Top of ENTRIES SHOWN

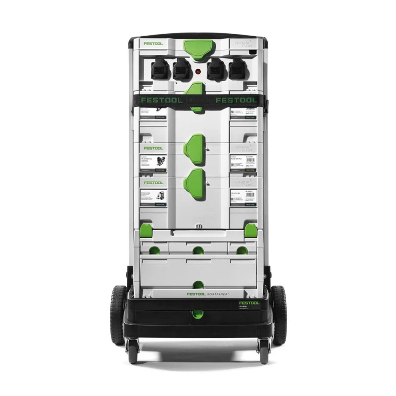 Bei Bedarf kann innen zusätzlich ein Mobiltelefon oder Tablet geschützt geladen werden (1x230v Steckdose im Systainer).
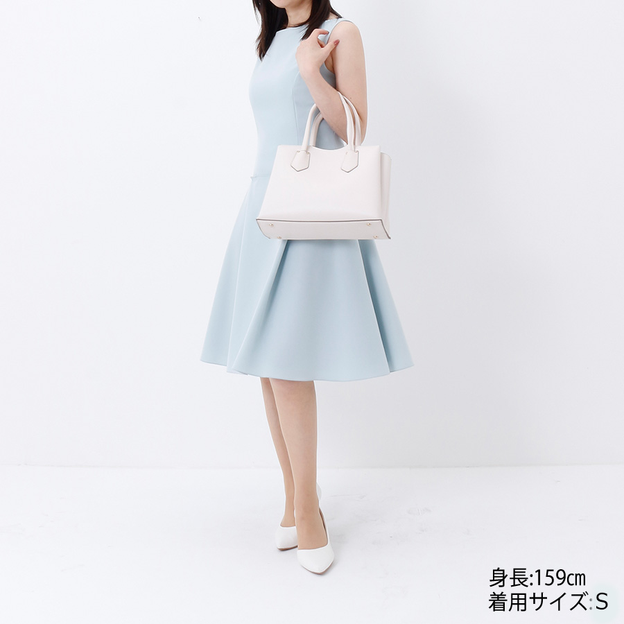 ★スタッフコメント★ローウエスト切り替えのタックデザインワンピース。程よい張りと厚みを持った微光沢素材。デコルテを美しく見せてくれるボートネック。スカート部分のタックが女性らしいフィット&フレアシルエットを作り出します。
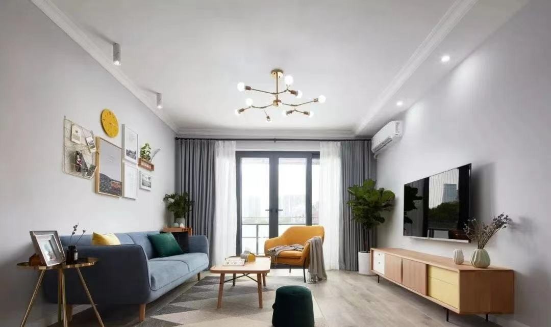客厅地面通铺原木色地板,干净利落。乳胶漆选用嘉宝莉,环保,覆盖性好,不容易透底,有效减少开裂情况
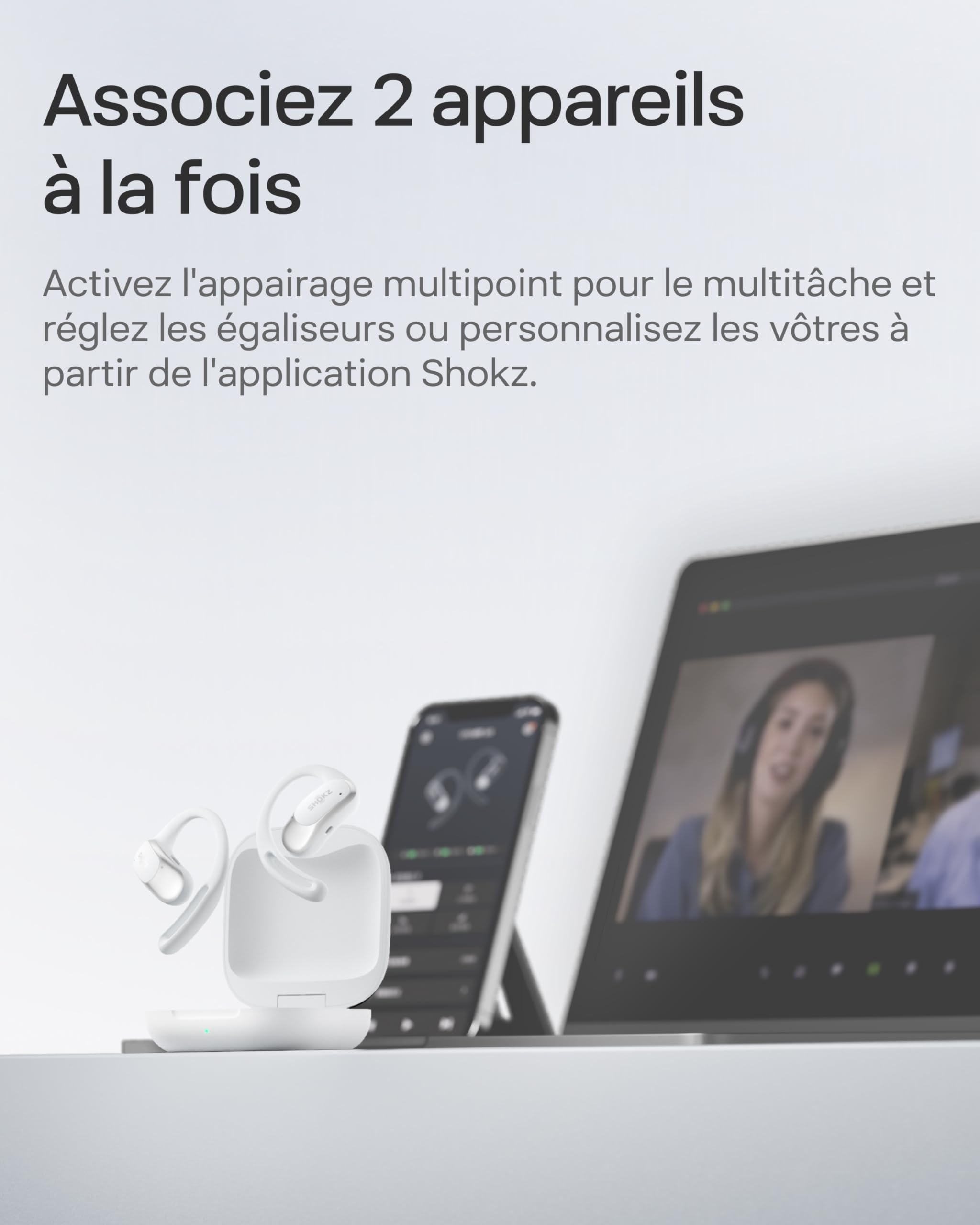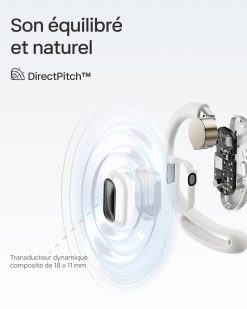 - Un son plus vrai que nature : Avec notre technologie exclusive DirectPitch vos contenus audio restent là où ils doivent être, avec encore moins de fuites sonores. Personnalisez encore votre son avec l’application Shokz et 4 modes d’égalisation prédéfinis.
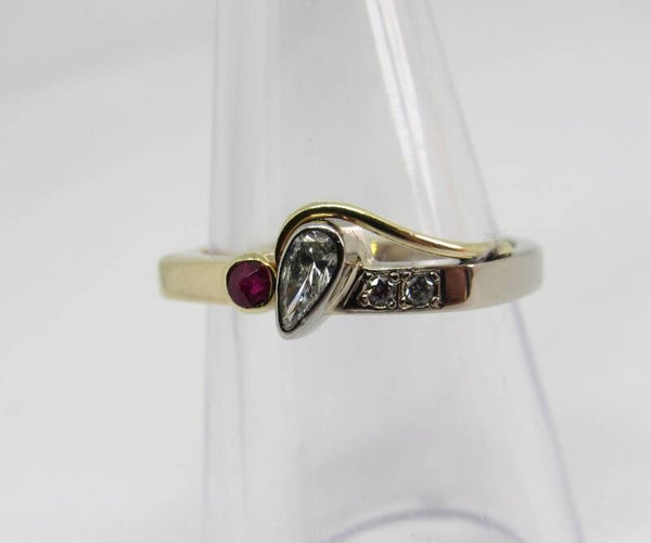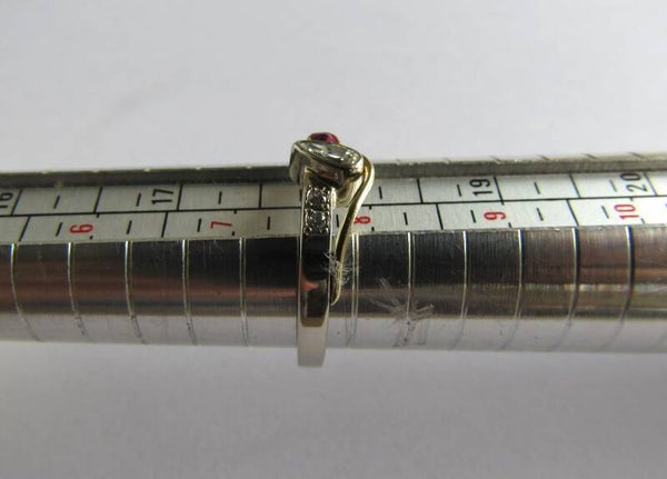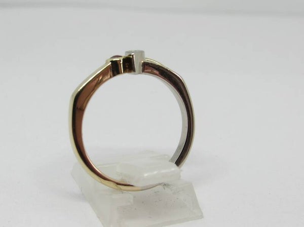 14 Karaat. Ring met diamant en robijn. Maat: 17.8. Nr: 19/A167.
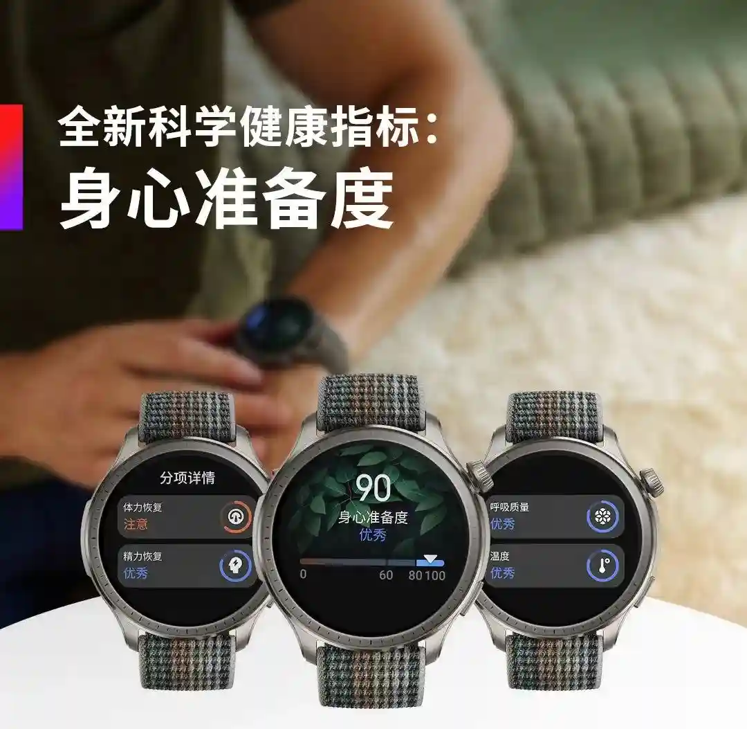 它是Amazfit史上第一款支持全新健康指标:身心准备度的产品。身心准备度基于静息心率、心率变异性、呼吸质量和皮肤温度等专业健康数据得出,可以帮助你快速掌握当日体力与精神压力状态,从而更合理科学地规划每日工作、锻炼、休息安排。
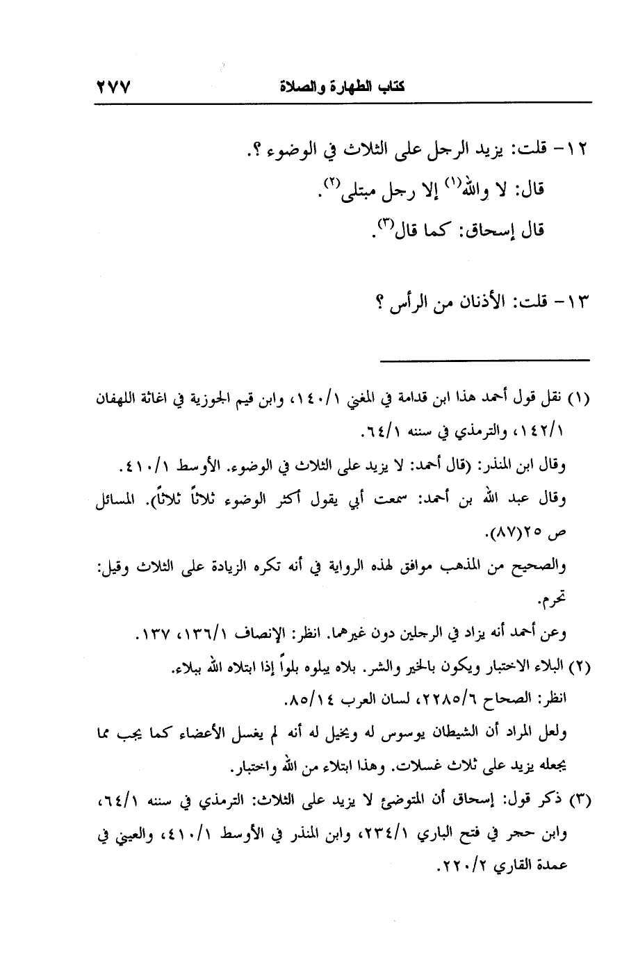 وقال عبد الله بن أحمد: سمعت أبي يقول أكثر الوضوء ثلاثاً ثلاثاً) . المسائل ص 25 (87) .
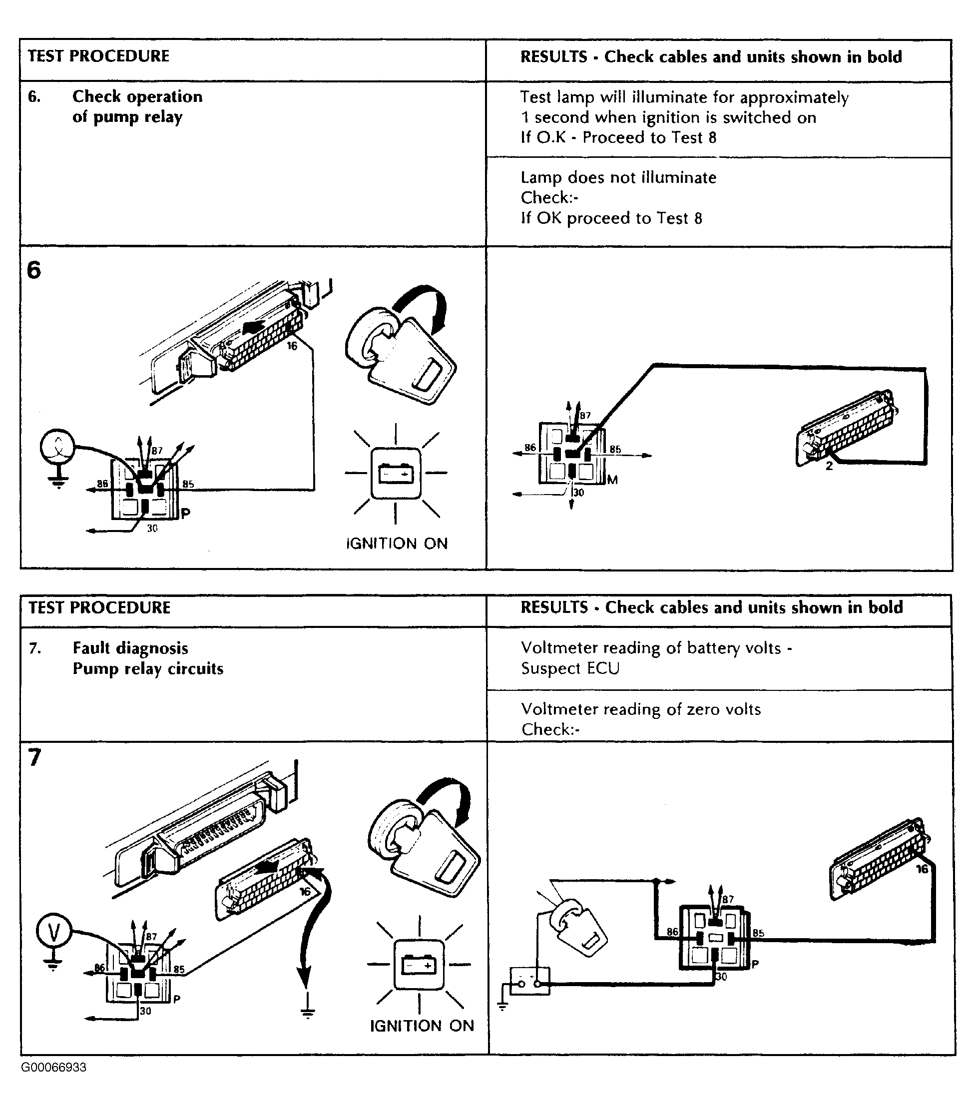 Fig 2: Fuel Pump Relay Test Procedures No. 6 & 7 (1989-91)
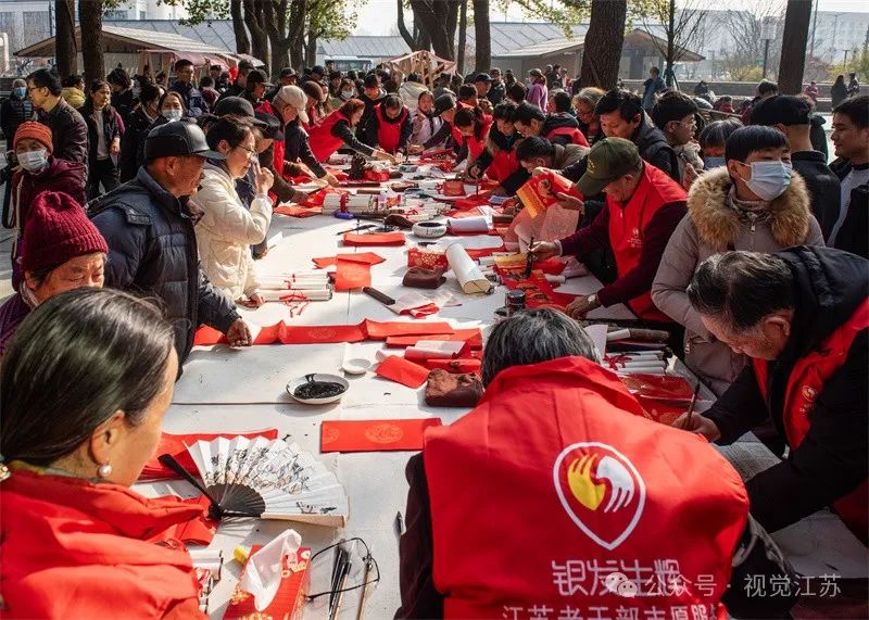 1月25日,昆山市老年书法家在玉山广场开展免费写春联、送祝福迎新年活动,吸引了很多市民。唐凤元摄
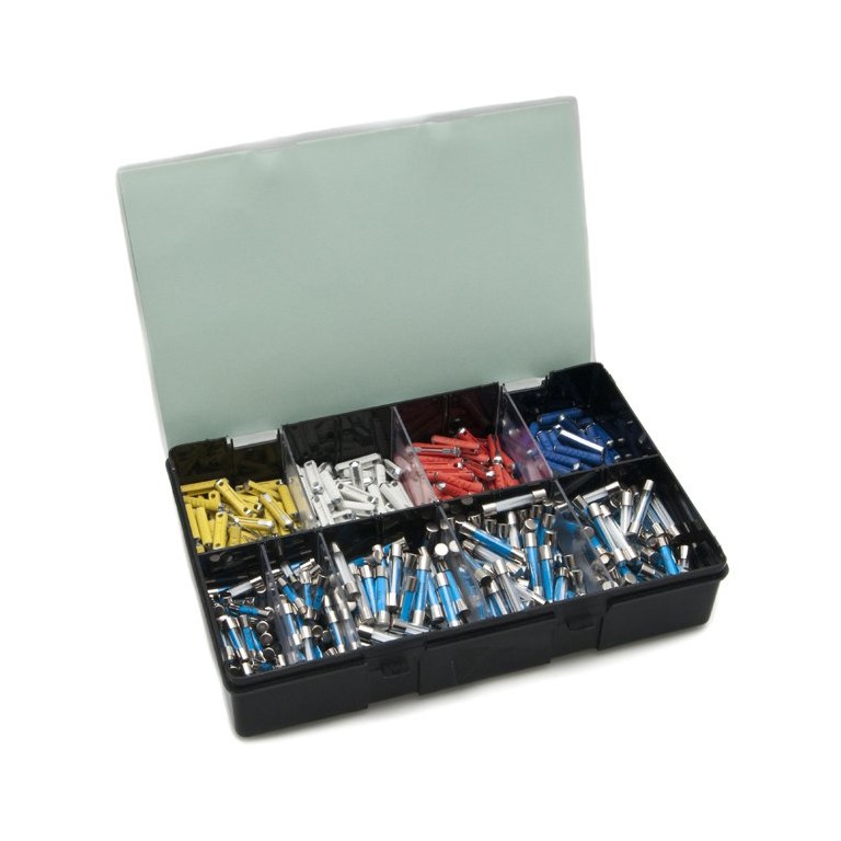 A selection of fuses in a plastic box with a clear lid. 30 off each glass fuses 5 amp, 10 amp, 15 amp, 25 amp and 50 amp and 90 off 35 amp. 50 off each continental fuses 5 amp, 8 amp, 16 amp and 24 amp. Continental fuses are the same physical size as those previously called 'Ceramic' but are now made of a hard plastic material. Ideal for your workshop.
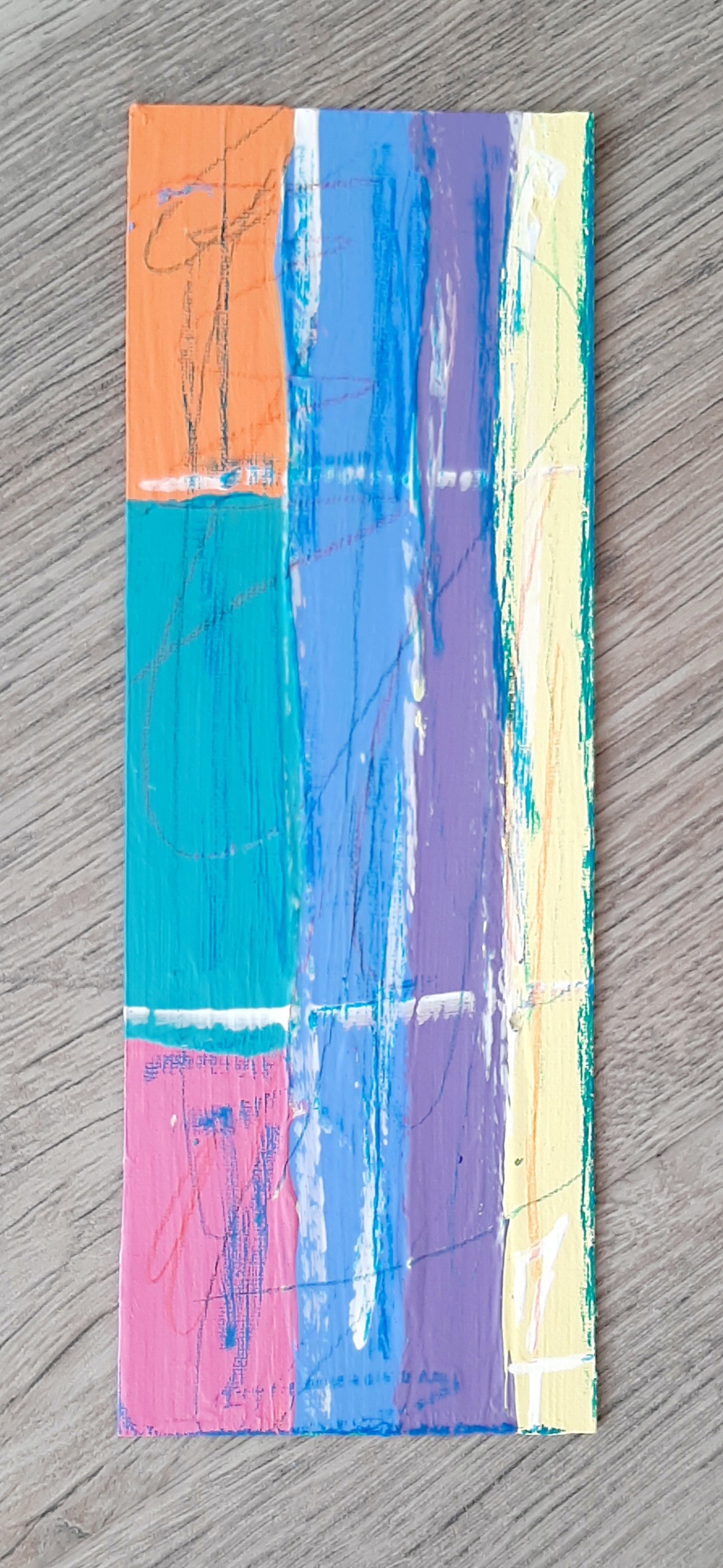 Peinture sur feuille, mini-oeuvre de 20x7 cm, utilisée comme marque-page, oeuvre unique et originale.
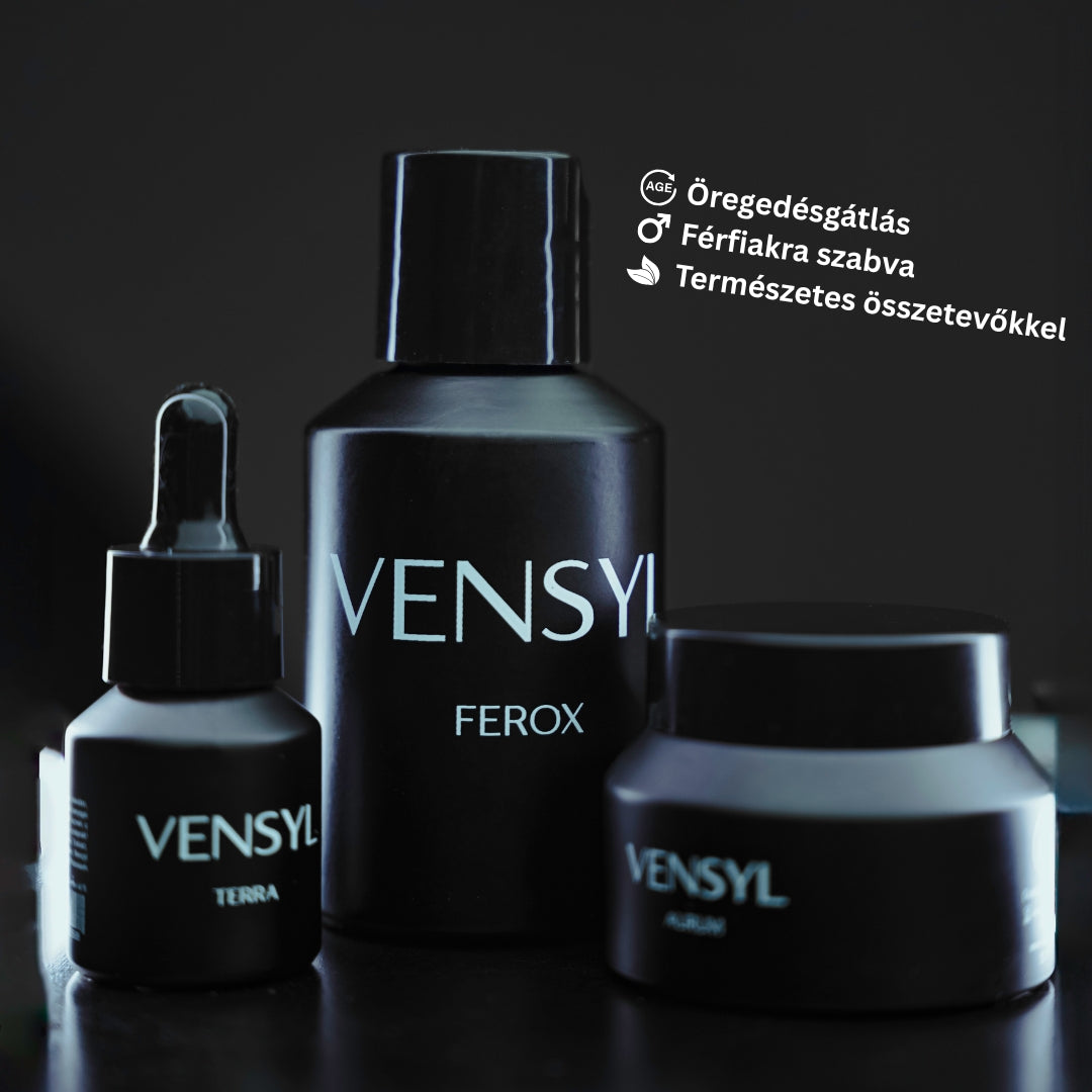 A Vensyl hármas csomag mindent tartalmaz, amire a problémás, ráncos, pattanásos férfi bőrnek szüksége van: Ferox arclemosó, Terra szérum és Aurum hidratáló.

Bottom of ENTRIES SHOWN

> WHAT YOU WILL DO
If a line falls between the first line of the records above and the line containing "1月25日,昆山市老年书法家", inclusive, retype it exactly; leave pictures out.

> ANSWER SECTION
 Bei Bedarf kann innen zusätzlich ein Mobiltelefon oder Tablet geschützt geladen werden (1x230v Steckdose im Systainer).
 ★スタッフコメント★ローウエスト切り替えのタックデザインワンピース。程よい張りと厚みを持った微光沢素材。デコルテを美しく見せてくれるボートネック。スカート部分のタックが女性らしいフィット&フレアシルエットを作り出します。
客厅地面通铺原木色地板,干净利落。乳胶漆选用嘉宝莉,环保,覆盖性好,不容易透底,有效减少开裂情况
 - Un son plus vrai que nature : Avec notre technologie exclusive DirectPitch vos contenus audio restent là où ils doivent être, avec encore moins de fuites sonores. Personnalisez encore votre son avec l’application Shokz et 4 modes d’égalisation prédéfinis.
 14 Karaat. Ring met diamant en robijn. Maat: 17.8. Nr: 19/A167.
 它是Amazfit史上第一款支持全新健康指标:身心准备度的产品。身心准备度基于静息心率、心率变异性、呼吸质量和皮肤温度等专业健康数据得出,可以帮助你快速掌握当日体力与精神压力状态,从而更合理科学地规划每日工作、锻炼、休息安排。
 وقال عبد الله بن أحمد: سمعت أبي يقول أكثر الوضوء ثلاثاً ثلاثاً) . المسائل ص 25 (87) .
 Fig 2: Fuel Pump Relay Test Procedures No. 6 & 7 (1989-91)
 1月25日,昆山市老年书法家在玉山广场开展免费写春联、送祝福迎新年活动,吸引了很多市民。唐凤元摄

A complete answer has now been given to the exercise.